- DeBose in 2026
- Born: January 25, 1991 (age 35) Wilmington, North Carolina, U.S.
- Occupations: Actress; singer;
- Years active: 2009–present
- Partner: Sue Makkoo (2017–2023)
- Awards: Full list

= Ariana DeBose =

American actress (born 1991)

Ariana DeBose (/ˌɑːriˈɑːnə dəˈboʊz/; born January 25, 1991) is an American actress and singer who has received various accolades, including an Academy Award, a British Academy Film Award, and a Golden Globe Award, in addition to nominations for a Tony Award and two Primetime Emmy Awards. In 2022, Time magazine named her one of the 100 most influential people in the world.

DeBose was a contestant on the sixth season of So You Think You Can Dance in 2009, where she was the first female contestant and in gender overall the first contestant to be eliminated. She made her Broadway debut in Bring It On: The Musical in 2011 and continued her work on Broadway with roles in Motown: The Musical (2013) and Pippin (2014). From 2015 to 2016, she was one of the original ensemble members in Lin-Manuel Miranda's musical Hamilton, and appeared as Jane in A Bronx Tale (2016–2017). In 2018, she was nominated for the Tony Award for Best Featured Actress in a Musical for her performance as Donna Summer in Summer: The Donna Summer Musical. She has also hosted the Tony Awards in 2022, 2023, and 2024.

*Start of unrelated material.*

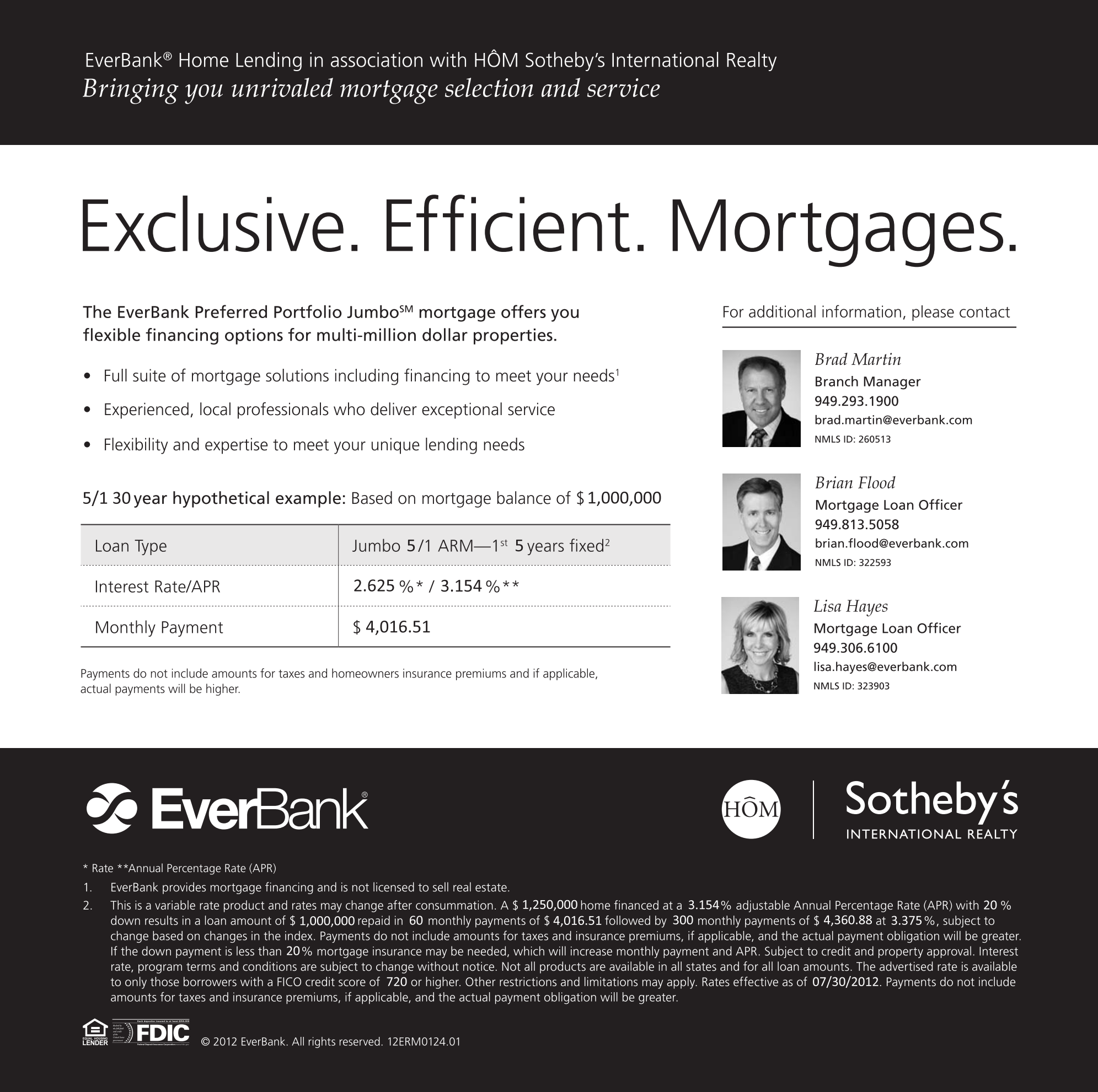 * Rate **Annual Percentage Rate (APR) 1. EverBank provides mortgage financing and is not licensed to sell real estate. 2. This is a variable rate product and rates may change after consummation. A $ 1,250,000 home financed at a 3.154% adjustable Annual Percentage Rate (APR) with 20 % down results in a loan amount of $ 1,000,000 repaid in 60 monthly payments of $ 4,016.51 followed by 300 monthly payments of $ 4,360.88 at 3.375%, subject to change based on changes in the index. Payments do not include amounts for taxes and insurance premiums, if applicable, and the actual payment obligation will be greater. If the down payment is less than 20% mortgage insurance may be needed, which will increase monthly payment and APR. Subject to credit and property approval. Interest rate, program terms and conditions are subject to change without notice. Not all products are available in all states and for all loan amounts. The advertised rate is available to only those borrowers with a FICO credit score of 720 or higher. Other restrictions and limitations may apply. Rates effective as of 07/30/2012. Payments do not include amounts for taxes and insurance premiums, if applicable, and the actual payment obligation will be greater.

DeBose has also appeared in the Netflix musical comedy film The Prom (2020) and the Apple TV+ musical comedy series Schmigadoon! (2021–2023). She gained wider recognition for her role as Anita in Steven Spielberg's musical film West Side Story (2021), winning the Academy Award for Best Supporting Actress. She provided the voice of Asha in the animated film Wish (2023).

==Early life==
Ariana DeBose was born on January 25, 1991, in Wilmington, North Carolina. Her mother, Gina DeBose, was a middle school teacher. DeBose trained in dance at CC & Co. Dance Complex in Raleigh, North Carolina, where she also grew up. DeBose has stated that her father is Puerto Rican and her mother was white. She also has African-American and Italian ancestry.

==Career==
===Early work and Broadway roles (2009–2016)===
DeBose made her television debut in 2009, when she competed on the TV series So You Think You Can Dance, making it into the Top 20. She later appeared on the soap opera One Life to Live and played Little Inez Stubbs in the North Carolina Theatre's production of Hairspray before appearing in the role of Nautica in the 2011 Alliance Theatre production of Bring It On. She also appeared in the ensemble of the New York Philharmonic production of Company, which was filmed for television. At the end of 2011, Bring It On embarked on a national tour across the United States. DeBose continued her role into the 2012 Broadway production and understudied the character Danielle.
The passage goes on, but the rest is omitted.